**PROBLEM DETAILS:**
Using the listing below, copy exactly the lines from the one containing "即日出荷 海外 ステッカー" to the one containing "Her daddy's kid", both lines included, and no others.

**SUPPLIED ENTRIES:**
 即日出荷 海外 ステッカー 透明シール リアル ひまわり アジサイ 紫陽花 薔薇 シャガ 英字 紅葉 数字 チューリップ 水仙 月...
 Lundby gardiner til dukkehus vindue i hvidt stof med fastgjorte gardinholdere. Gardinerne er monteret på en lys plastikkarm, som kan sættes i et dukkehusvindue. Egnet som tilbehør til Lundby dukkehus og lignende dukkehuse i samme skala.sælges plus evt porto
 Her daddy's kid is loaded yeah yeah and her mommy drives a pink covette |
...
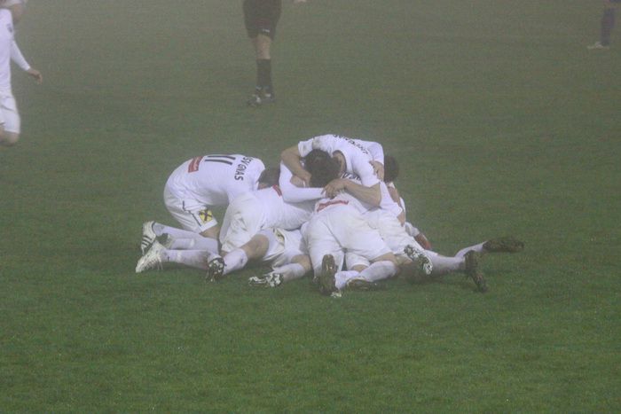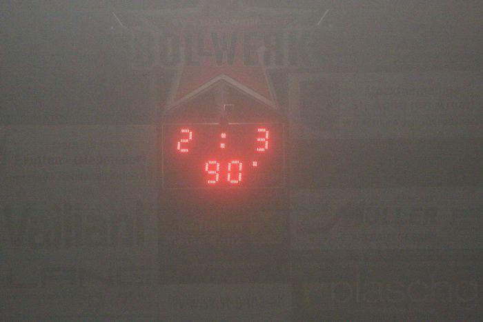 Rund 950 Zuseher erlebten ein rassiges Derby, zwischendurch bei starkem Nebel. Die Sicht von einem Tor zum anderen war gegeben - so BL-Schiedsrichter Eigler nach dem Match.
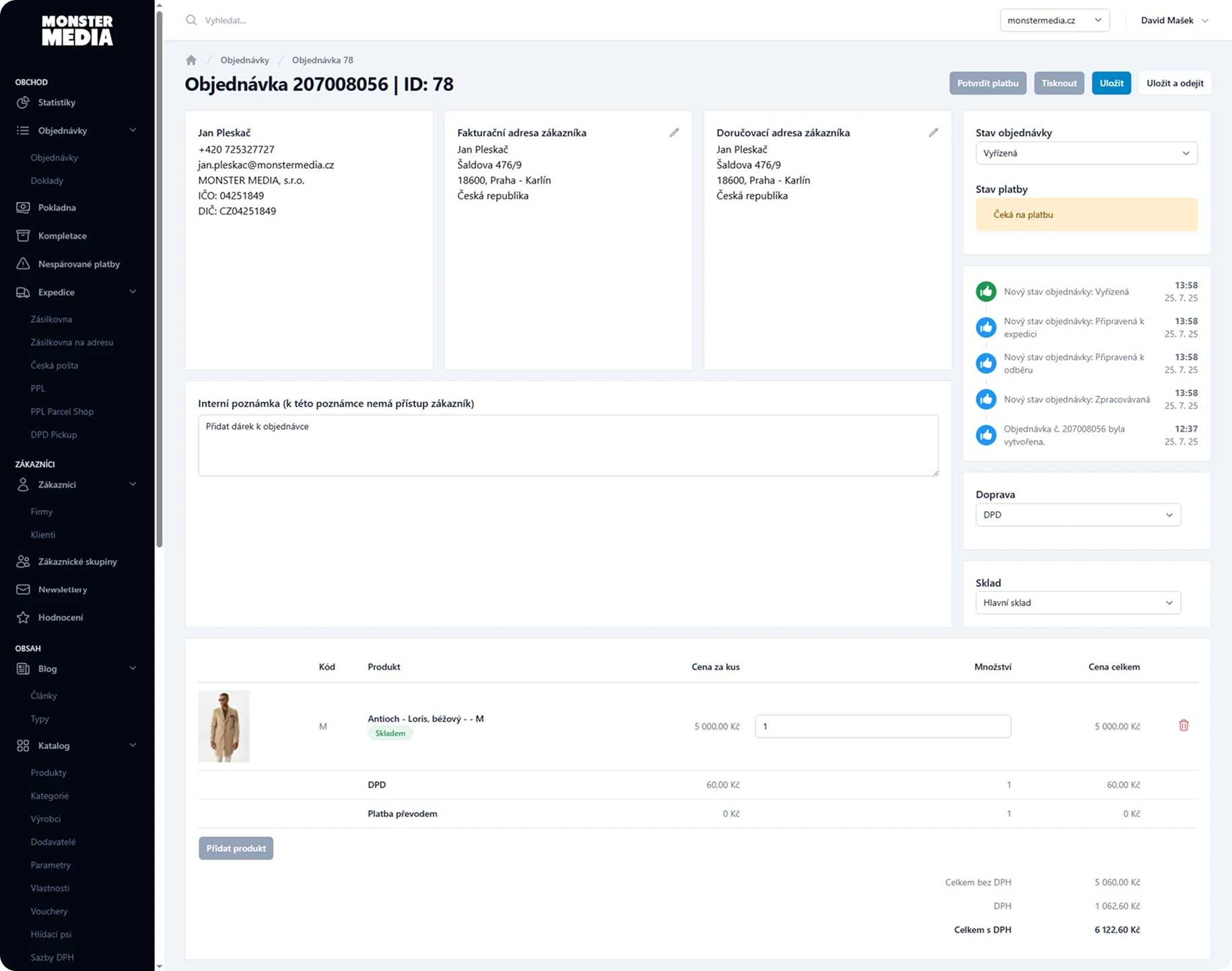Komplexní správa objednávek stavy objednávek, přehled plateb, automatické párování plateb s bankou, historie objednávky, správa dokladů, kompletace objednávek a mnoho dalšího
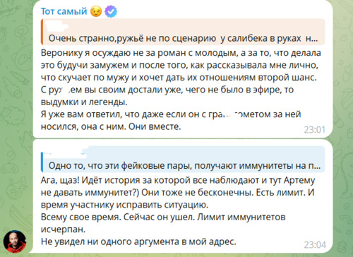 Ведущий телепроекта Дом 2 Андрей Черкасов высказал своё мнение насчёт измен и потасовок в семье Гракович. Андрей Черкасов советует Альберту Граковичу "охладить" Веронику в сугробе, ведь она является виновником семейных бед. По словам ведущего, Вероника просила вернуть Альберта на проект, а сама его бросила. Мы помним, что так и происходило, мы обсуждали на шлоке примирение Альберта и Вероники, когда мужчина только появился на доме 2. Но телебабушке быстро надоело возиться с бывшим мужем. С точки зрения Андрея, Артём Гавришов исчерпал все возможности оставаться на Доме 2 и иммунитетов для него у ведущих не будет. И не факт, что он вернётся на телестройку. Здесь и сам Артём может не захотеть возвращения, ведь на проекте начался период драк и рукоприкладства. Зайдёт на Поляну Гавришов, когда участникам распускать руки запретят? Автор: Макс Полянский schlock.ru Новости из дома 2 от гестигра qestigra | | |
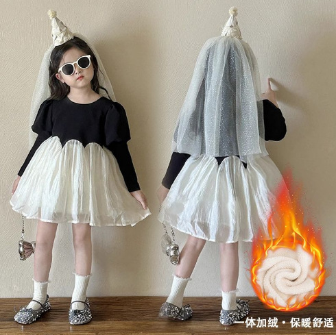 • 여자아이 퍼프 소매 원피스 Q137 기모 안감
==
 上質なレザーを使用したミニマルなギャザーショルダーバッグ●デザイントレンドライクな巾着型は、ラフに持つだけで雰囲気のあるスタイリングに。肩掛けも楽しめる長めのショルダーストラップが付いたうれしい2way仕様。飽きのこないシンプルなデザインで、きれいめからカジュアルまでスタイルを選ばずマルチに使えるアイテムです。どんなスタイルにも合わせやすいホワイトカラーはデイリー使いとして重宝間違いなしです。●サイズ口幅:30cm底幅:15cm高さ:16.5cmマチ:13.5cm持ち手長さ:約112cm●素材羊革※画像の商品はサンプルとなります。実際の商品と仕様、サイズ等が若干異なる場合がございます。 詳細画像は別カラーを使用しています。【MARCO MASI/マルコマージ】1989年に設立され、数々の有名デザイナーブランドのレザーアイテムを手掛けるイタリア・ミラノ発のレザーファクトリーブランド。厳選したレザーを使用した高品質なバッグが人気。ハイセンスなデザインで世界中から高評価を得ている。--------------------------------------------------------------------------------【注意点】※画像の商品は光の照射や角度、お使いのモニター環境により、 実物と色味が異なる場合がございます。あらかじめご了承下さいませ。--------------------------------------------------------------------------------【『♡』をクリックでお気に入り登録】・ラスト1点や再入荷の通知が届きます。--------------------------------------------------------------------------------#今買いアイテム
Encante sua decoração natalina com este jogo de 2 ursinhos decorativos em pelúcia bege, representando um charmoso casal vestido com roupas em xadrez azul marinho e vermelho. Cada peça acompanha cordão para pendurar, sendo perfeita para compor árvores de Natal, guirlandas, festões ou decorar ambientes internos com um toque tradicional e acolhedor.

**OUTPUT FOR THIS TASK:**
 即日出荷 海外 ステッカー 透明シール リアル ひまわり アジサイ 紫陽花 薔薇 シャガ 英字 紅葉 数字 チューリップ 水仙 月...
 Lundby gardiner til dukkehus vindue i hvidt stof med fastgjorte gardinholdere. Gardinerne er monteret på en lys plastikkarm, som kan sættes i et dukkehusvindue. Egnet som tilbehør til Lundby dukkehus og lignende dukkehuse i samme skala.sælges plus evt porto
 Her daddy's kid is loaded yeah yeah and her mommy drives a pink covette |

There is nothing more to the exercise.